[Dataset records]
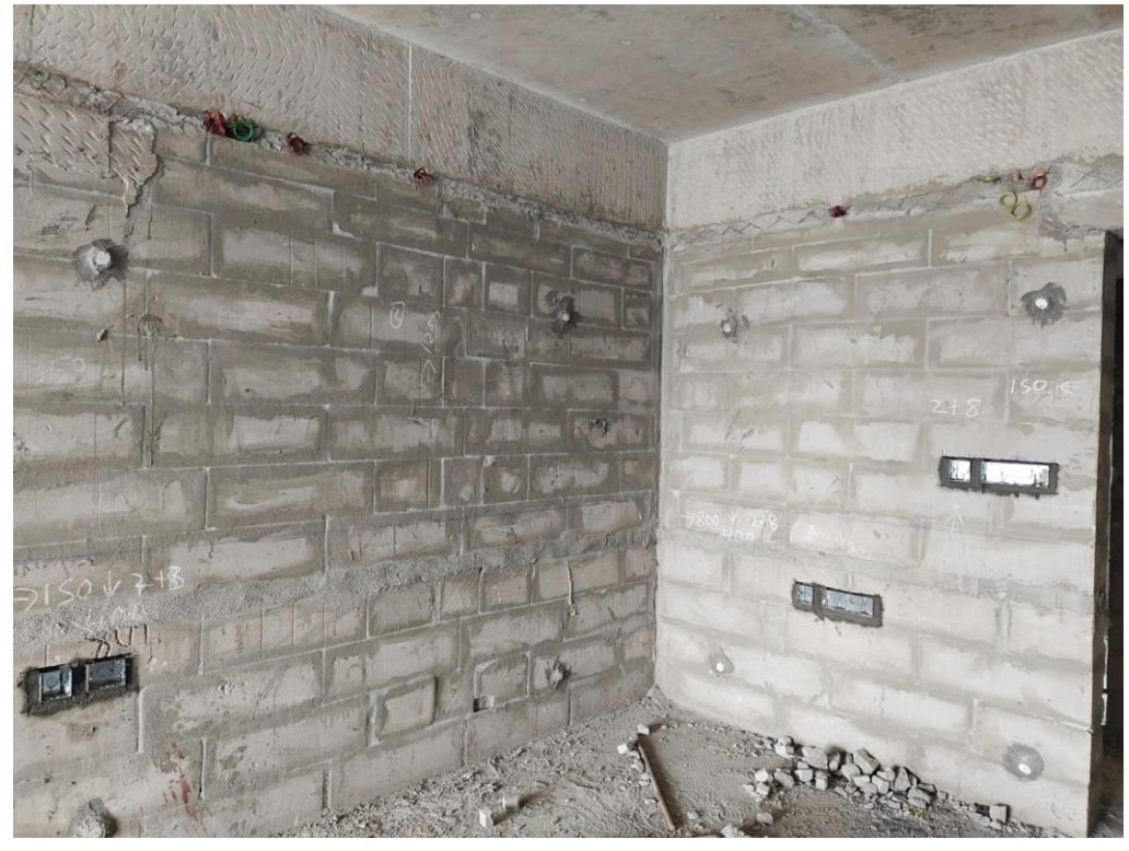
Electrical —Thirteenth Floor Electrical Wall Chasing Work In Progress
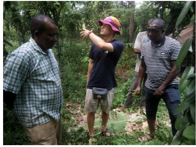
Figure 21&22: Author's own, Left & Right: With community Forest Pemba visiting various farmers from vegetables (left image) and spice (right image).

In Bavaria, Germany, to start the transition to coexistence with beavers across the whole region, it was agreed the best way was the formation of volunteer beaver wardens. Now nearly every village or town will have a beaver warden, who is the point of contact to help deal with a situation, such as an inappropriate dam, injured animal or crop damage.
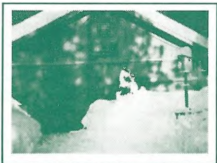
It's a four-season operation.

The value of being a member of the Federation of Lakes of Northern Vermont is the exchange of ideas for solving mutual problems; and, perhaps showing our legislature that we are quite a segment to be listened to in the preservation of our beautiful State.

◆ Your objective ◆
Exact repetition of each line above is expected; images are to be omitted.

◆ Solved exercise ◆
Electrical —Thirteenth Floor Electrical Wall Chasing Work In Progress
Figure 21&22: Author's own, Left & Right: With community Forest Pemba visiting various farmers from vegetables (left image) and spice (right image).

In Bavaria, Germany, to start the transition to coexistence with beavers across the whole region, it was agreed the best way was the formation of volunteer beaver wardens. Now nearly every village or town will have a beaver warden, who is the point of contact to help deal with a situation, such as an inappropriate dam, injured animal or crop damage.
It's a four-season operation.

The value of being a member of the Federation of Lakes of Northern Vermont is the exchange of ideas for solving mutual problems; and, perhaps showing our legislature that we are quite a segment to be listened to in the preservation of our beautiful State.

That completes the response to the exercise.